# Input data:
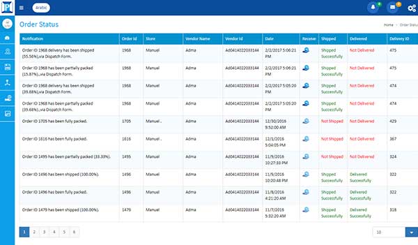 Die Auftragsverwaltungsplattform dient zum Aufgeben von Bestellungen von Vertriebsmitarbeitern oder direkt durch die Filialen, zum Auflisten von Bestellungen filialweise, zur Verfolgung der Lieferung und des Versands mit verschiedenen Status, Teillieferungen können auch für Artikel durchgeführt werden.
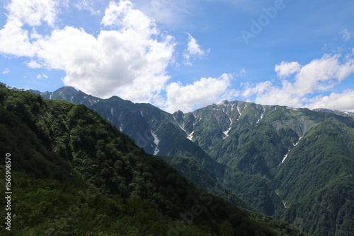 landscape, view, mountain, sky, cloud, white horse, panorama, panoramic, white, blue, summer, climb, hike, trek, nature, depression, alps, forest, rock, wood, blur, peak, tour tourism, japan
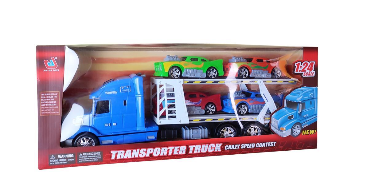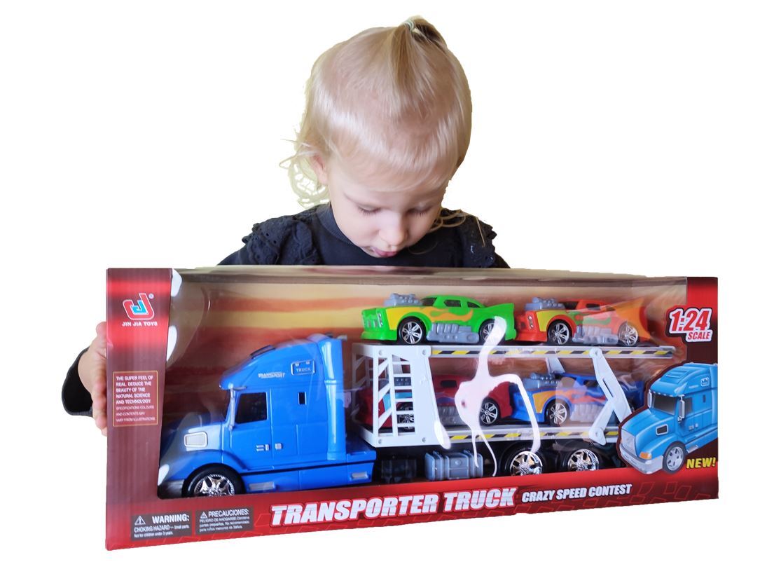 Žaislinis tralas su 4 automobiliais (mėlynas)
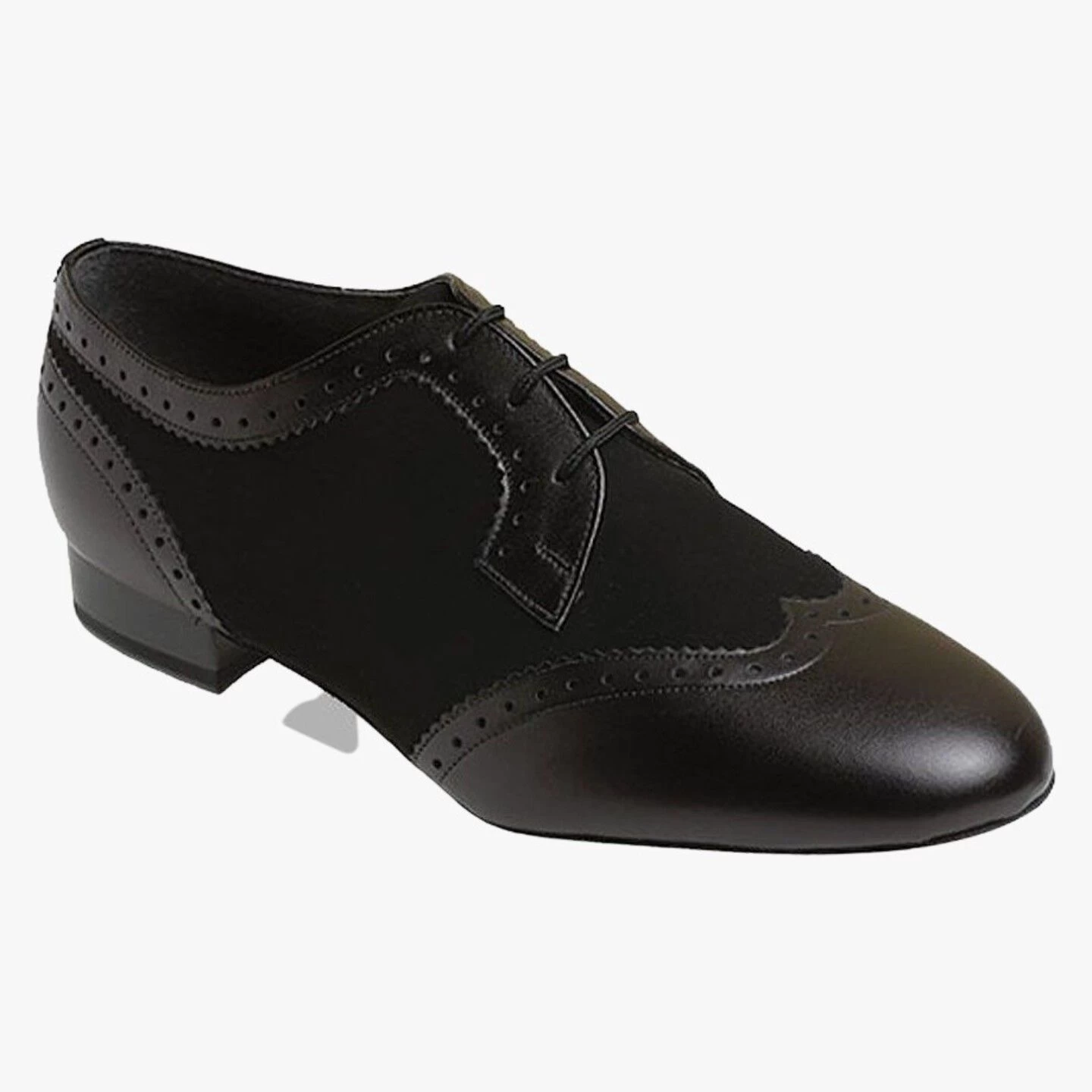 Men shoes with low cushioned heel in choice of Black / White Leather or Black Leather / Nubuck.
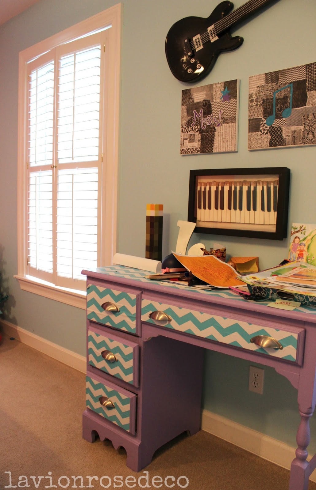No quarto da Lucie, a filha mais velha, a música é o tema!
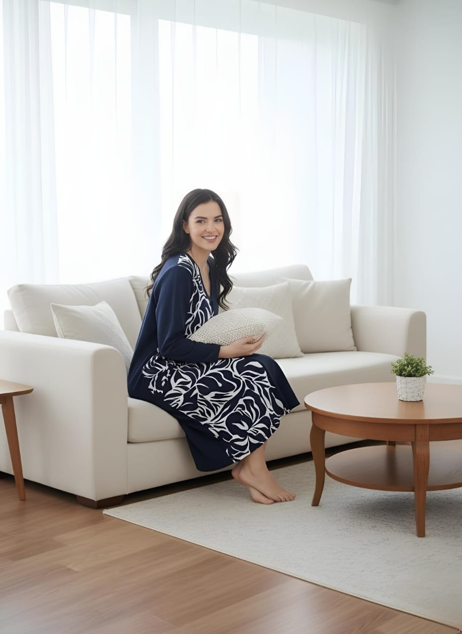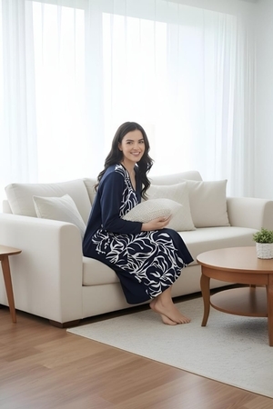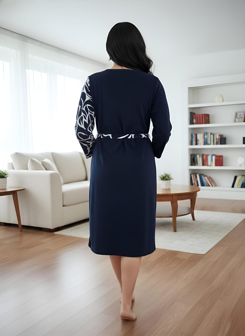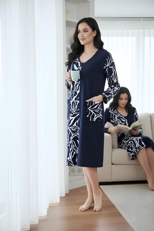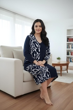 Элегантный женский халат на молнии, выполненный в стиле домашнего платья. Глубокий темно-синий цвет гармонично сочетается с контрастным бело-черным растительным или абстрактным принтом, расположенным вертикальной вставкой спереди и на рукавах. Удобная длина миди, V-образный вырез и практичные карманы делают его идеальным для стильного и комфортного отдыха дома.
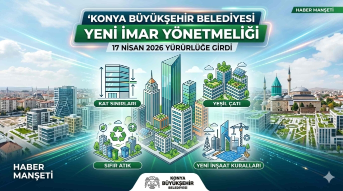 17 Nisan 2026 tarihli ve 33227 sayılı Resmî Gazete'de yayımlanan "Konya Büyükşehir Belediyesi İmar Yönetmeliği" ile Konya sınırlarındaki yapı ve yapılaşma kuralları yeniden şekillendi. Şehrin plan, fen, sağlık ve sürdürülebilir çevre şartlarına uygun şekilde gelişmesini hedefleyen yeni yönetmelik; bina kat sayılarından yeşil çatı uygulamalarına, sıfır atık zorunluluğundan asansör standartlarına kadar pek çok kritik düzenlemeyi barındırıyor.
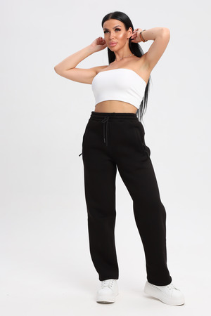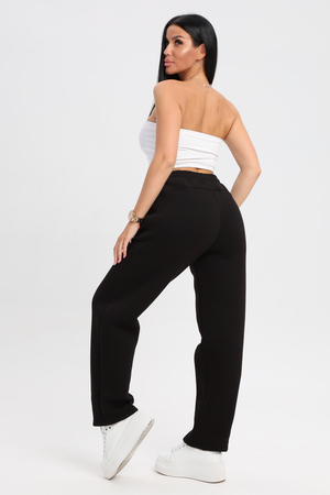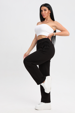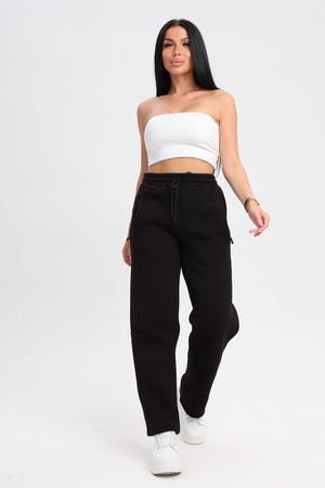 Универсальный черный цвет: Классический черный цвет делает эти брюки невероятно универсальными. Они легко сочетаются с любой одеждой и обувью, позволяя создавать разнообразные образы.

# Task to carry out:
Write out the data above exactly, minus any images.

# Reply to the exercise:
 Die Auftragsverwaltungsplattform dient zum Aufgeben von Bestellungen von Vertriebsmitarbeitern oder direkt durch die Filialen, zum Auflisten von Bestellungen filialweise, zur Verfolgung der Lieferung und des Versands mit verschiedenen Status, Teillieferungen können auch für Artikel durchgeführt werden.
 landscape, view, mountain, sky, cloud, white horse, panorama, panoramic, white, blue, summer, climb, hike, trek, nature, depression, alps, forest, rock, wood, blur, peak, tour tourism, japan
 Žaislinis tralas su 4 automobiliais (mėlynas)
 Men shoes with low cushioned heel in choice of Black / White Leather or Black Leather / Nubuck.
No quarto da Lucie, a filha mais velha, a música é o tema!
 Элегантный женский халат на молнии, выполненный в стиле домашнего платья. Глубокий темно-синий цвет гармонично сочетается с контрастным бело-черным растительным или абстрактным принтом, расположенным вертикальной вставкой спереди и на рукавах. Удобная длина миди, V-образный вырез и практичные карманы делают его идеальным для стильного и комфортного отдыха дома.
 17 Nisan 2026 tarihli ve 33227 sayılı Resmî Gazete'de yayımlanan "Konya Büyükşehir Belediyesi İmar Yönetmeliği" ile Konya sınırlarındaki yapı ve yapılaşma kuralları yeniden şekillendi. Şehrin plan, fen, sağlık ve sürdürülebilir çevre şartlarına uygun şekilde gelişmesini hedefleyen yeni yönetmelik; bina kat sayılarından yeşil çatı uygulamalarına, sıfır atık zorunluluğundan asansör standartlarına kadar pek çok kritik düzenlemeyi barındırıyor.
 Универсальный черный цвет: Классический черный цвет делает эти брюки невероятно универсальными. Они легко сочетаются с любой одеждой и обувью, позволяя создавать разнообразные образы.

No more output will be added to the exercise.